Flare is a special-purpose UI library for PureScript. It is built on top of purescript-signal and uses Applicative-style programming to combine predefined input fields to a reactive user interface.

It has very little support for dynamically changing the UI structure, so it's not suitable as a general purpose library. I'll exclude Flare from the examples.

Reflex / Specular

Widgets are build in a monad. Each computation produces a chunk of concrete HTML elements and returns immediately. >>= concatenates HTML chunks.

Input to components is provided by passing FRP primitives (Events and Dynamics) as arguments to the construction function. The widget will automatically reflect changes in them.

Output is done by returning Events and Dynamics from the widget construction function.

In contrast to Concur, the internal state lifecycle is not tied to input and output.

Some more material:

I believe that this approach gives the most flexibility:

  • You can emulate Elm by having a single Dynamic storing the application state, and collecting all Events into a single giant Event that modifies it.

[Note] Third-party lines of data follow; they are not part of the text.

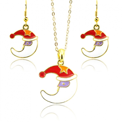 Fashion Lovely Moon Shaped Pendant Necklace Earring Set
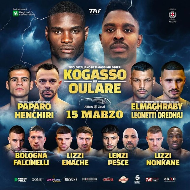 Anche il clou della lunga serata firma l’esito nel secondo round. Il gigante Jonathan Kogasso (15), 28 anni, pro dal 2021, dopo una lunga carriera in maglietta, ha fatto ritrovare il sorriso al suo maestro Vincenzo Gigliotti, che gli aveva chiesto di mettere più cattiveria nei colpi, per evitare sorprese, in uno sport come la boxe, dove il risultato non è mai scritto in precedenza al verdetto. Jonathan è stato di parola. Nella prima difesa del tricolore massimi leggeri, appena conquistato, ha sbrigato la faccenda nel modo più autoritario possibile. Lo sfidante Morike Oulare (7-1), 26 anni, pro dal 2021, allievo di Paolo Pesci, nella palestra Due Torri a Bologna, nativo della Guinea, residente da tempo in Italia, si era presentato al pubblico milanese mostrando una muscolatura impressionante e nel corso del primo round, dimostrava pure una buona impostazione, muovendosi bene e trovando bersaglio un paio di volte. In realtà Kogasso lo aveva studiato per capirne i punti deboli. Nella seconda ripresa, velocizza i colpi lineari e trova la tempia di Oulare, che cade al tappeto e pur rialzandosi, resta senza equilibrio. A mio parere l’arbitro avrebbe dovuto fermarlo, invece fa proseguire il match e Kagasso lo centra al mento. Stavolta la caduta al tappeto è definitiva e drammatica. Un KO spettacolare che conferma le grandi qualità del campione italiano. Ormai maturo verso traguardi maggiori. Per Oulare, uno stop pesante, ma non penso definitivo. Il pugile è giovane e quindi può riprendere l’attività, facendo tesoro della sconfitta. Mentre Kogasso ha tranquillizzato il suo maestro, sulla determinazione al momento opportuno. Per l’Art of Fithting di Edoardo Germani, un gigante dai piedi ben piantati sul tappeto, capace di entusiasmare il pubblico, con l’effetto magico del KO.
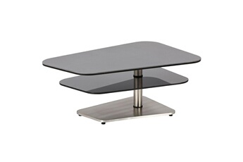 Table Basse Typhaine. Proposant un aspect design et actuelle, cette table basse possède 2 plateaux pivotant changeant des formes que l'on a l'habitude de voir. Son aspect intriguera vos convives et apportera une touche de modernité dans votre salon. Pied en acier brossé. Plateaux en verrre fumé gris ép. 12mm. Surface plateau finition céramique gris anthracite. ép. 12mm. Dimensions : 100-112,5 x 65-85 x H39,5 cm

  • You can't exactly emulate Halogen, but instead of imperatively querying a component's internal state, you can just have a Dynamic that represents it.

  • You can implement a Flare-like thing very easily (newtype Flare a = Flare (Compose Widget Dynamic a) + derived Applicative instance)

  • You can use FRP to express things like event throttling, which is necessary when querying the server based on some rapidly changing input, and very tedious to implement in Elm-like architectures.

Examples

Here I'll show some example development tasks, and compare some of the libraries using them.

Routing

You have an application with a lot of subpages ("routes"). You probably represent the routes as a sum type (Route). Based on the current route, you want to render different pages. Each page mayhave to fetch some data when loading.

Elm

See elm-spa-example.

Because there's only global state, you have no choice but to have:

  • another sum type mirroring the Route type, but storing also the Model of each page

  • a data constructor in the top-level Msg wrapping internal Msgs of each page

  • boilerplate code in the update function wrangling the Model and Msg wrapping

  • More boilerplate handling initialization of each page during route change

Halogen

You can define a component per page. In the main component, you can reuse the Route as Slot. Components have local state, so you don't have to know about what's happening in the subpages at the top level.

Initialization (including effects such as sending requests) can be performed using the initializer lifecycle hook (this would be described in section 6 "Component lifecycle hooks" in the Halogen guide, but this section is not yet written).

Specular

You can have a currentRoute :: Dynamic Route and a function routeWidget :: Route -> Widget Unit. Then the main widget is:

dynamic_ $ map routeWidget currentRoute

The page state will be reset on each change of currentRoute.